Let me emphasize that these are all just accusations, in some cases from anonymous sources, and in some cases from former employees. But this is only a small piece of the pie, and the story lays out quite a pattern. I’d recommend reading the full story, but just to hit on a few of the other topics mentioned:
- In 2003, the co-founder of 777 Partners, Josh Wander, was arrested when he was 21 years old for drug trafficking, as he opened a package containing 31.2 grams of cocaine being tracked by Drug Task Force agents; he claimed the cocaine was just for him and a friend, and he wasn’t trafficking it
- In 2009, Wander worked at a structured settlements company, but the company’s president ended up suing him, claiming that Wander “misappropriated confidential company information and trade secrets, and otherwise violated the terms of his employment agreement”
- In 2011, the Bellagio Las Vegas gave Wander $78,000 in credit, but had to sue him when he only paid back $5,000 before leaving, something that wasn’t paid back for many years
- In 2013, Amex closed Wander’s Centurion Card and sued him, as he owed over $245,000
- Even to this day unpaid bills seem to be a thing, and in a lawsuit filed in 2022, 777 Partners and some other subsidiary companies are accused of defaulting on a $60 million loan taken out almost 18 months prior
There’s a lot more to this, but I think the above paints a pretty good picture of what’s going on here.
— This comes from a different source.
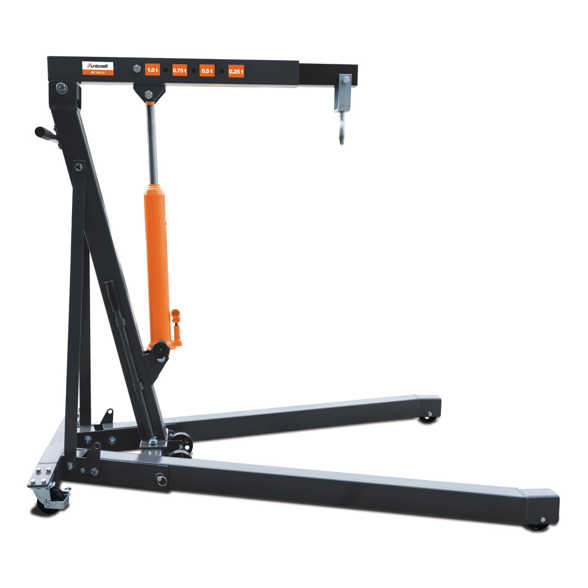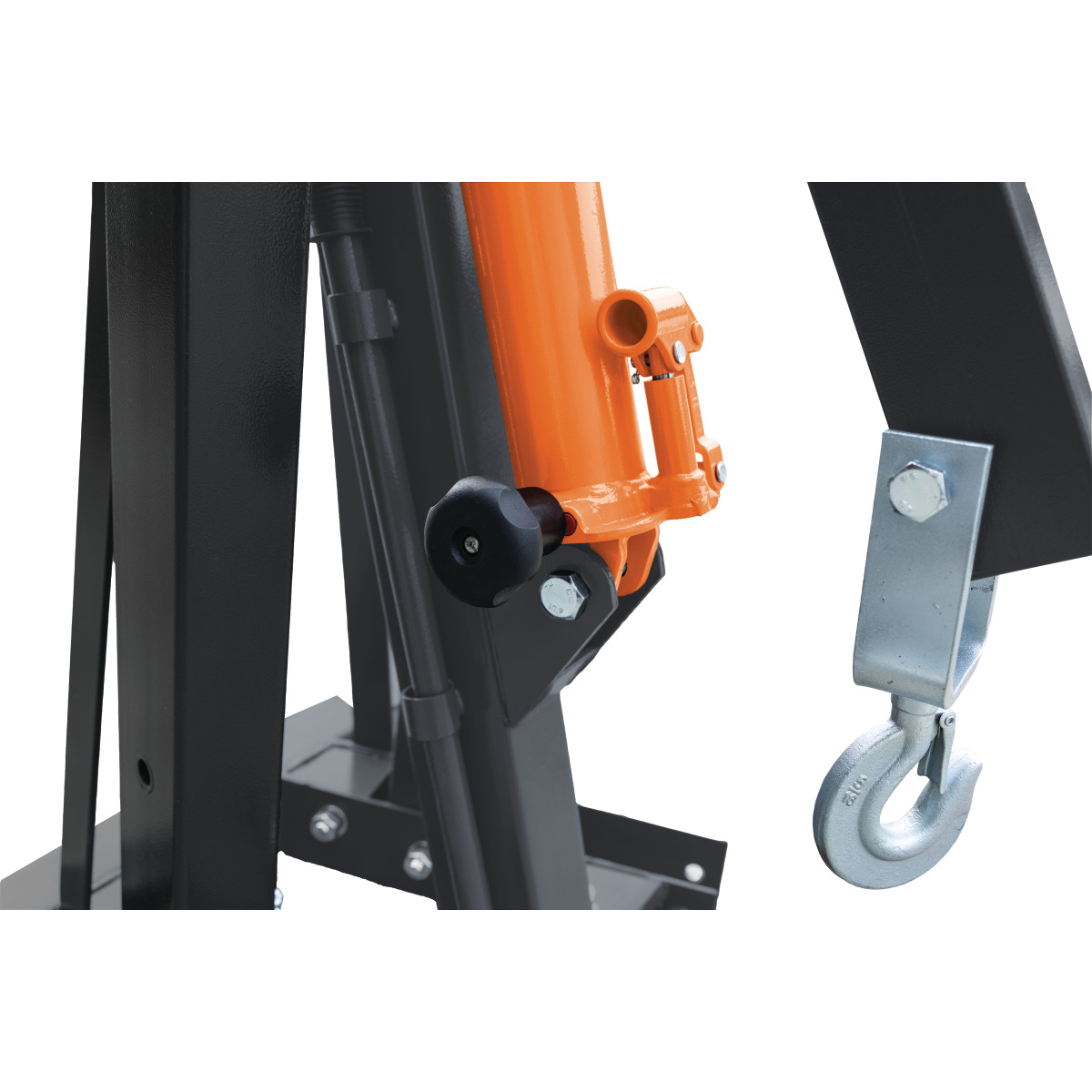 Kranausleger vierfach verstellbar, Traglast je nach Ausladung Geringe Unterfahrhöhe dank versenkter Lastrollen Zwei Lenkrollen aus Stahl mit Feststellbremse für maximale Flexibilität und für sicheren Stand Sicherheitshaken am Auslegerarm Platzsparende Aufbewahrung durch klappbare Fußrohre Schnell auf- und abbaubar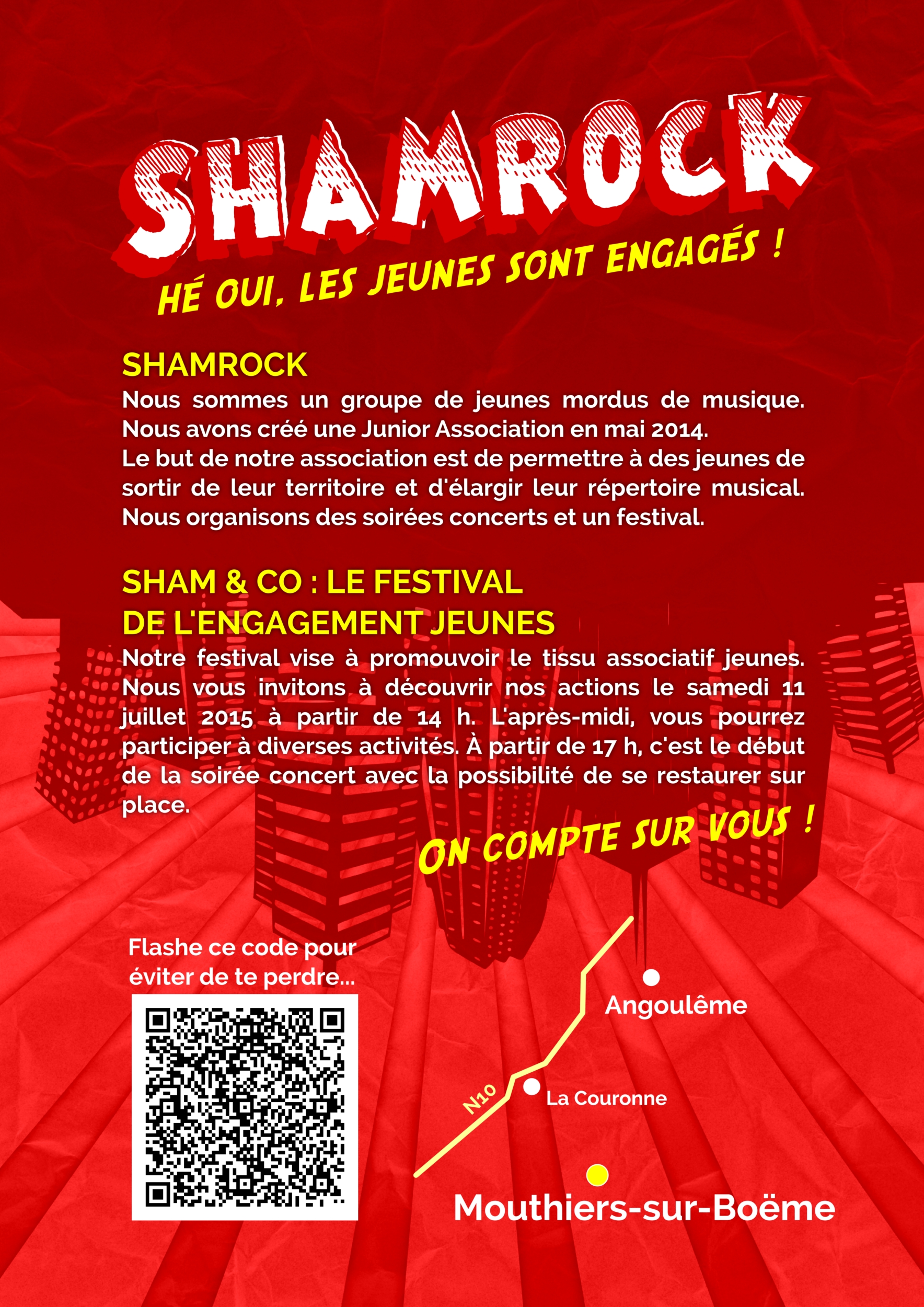 Shamrock c’est : un groupe de jeunes mordus de musique, qui a créé une Junior Association en mai 2014. Cette association permet à des jeunes de sortir de leur territoire et d’élargir leur répertoire musical. Organisation de concerts et d’un festival « Sham & Co »

I think the company deserves the benefit of the doubt with each of these individual issues, but I also can’t help but feel like where there’s smoke, there’s fire.
If the details contained in the lawsuit about 777 Partners’ investment in Flair are correct (777 Partners is pocketing $10 million on each 777, and is charging 18% interest on loans to its own airlines), then one has to wonder how much longer Flair and Bonza will be in business.
777 Partners owns stakes in Flair and Bonza, two ultra low cost carriers. Flair recently had some 737 MAXs repossessed over lack of payment, which left many of us scratching our heads. It seems that we now have a better sense of what might be going on, and it’s not a great sign of what the future may hold for these airlines.
What do you make of this 777 Partners story?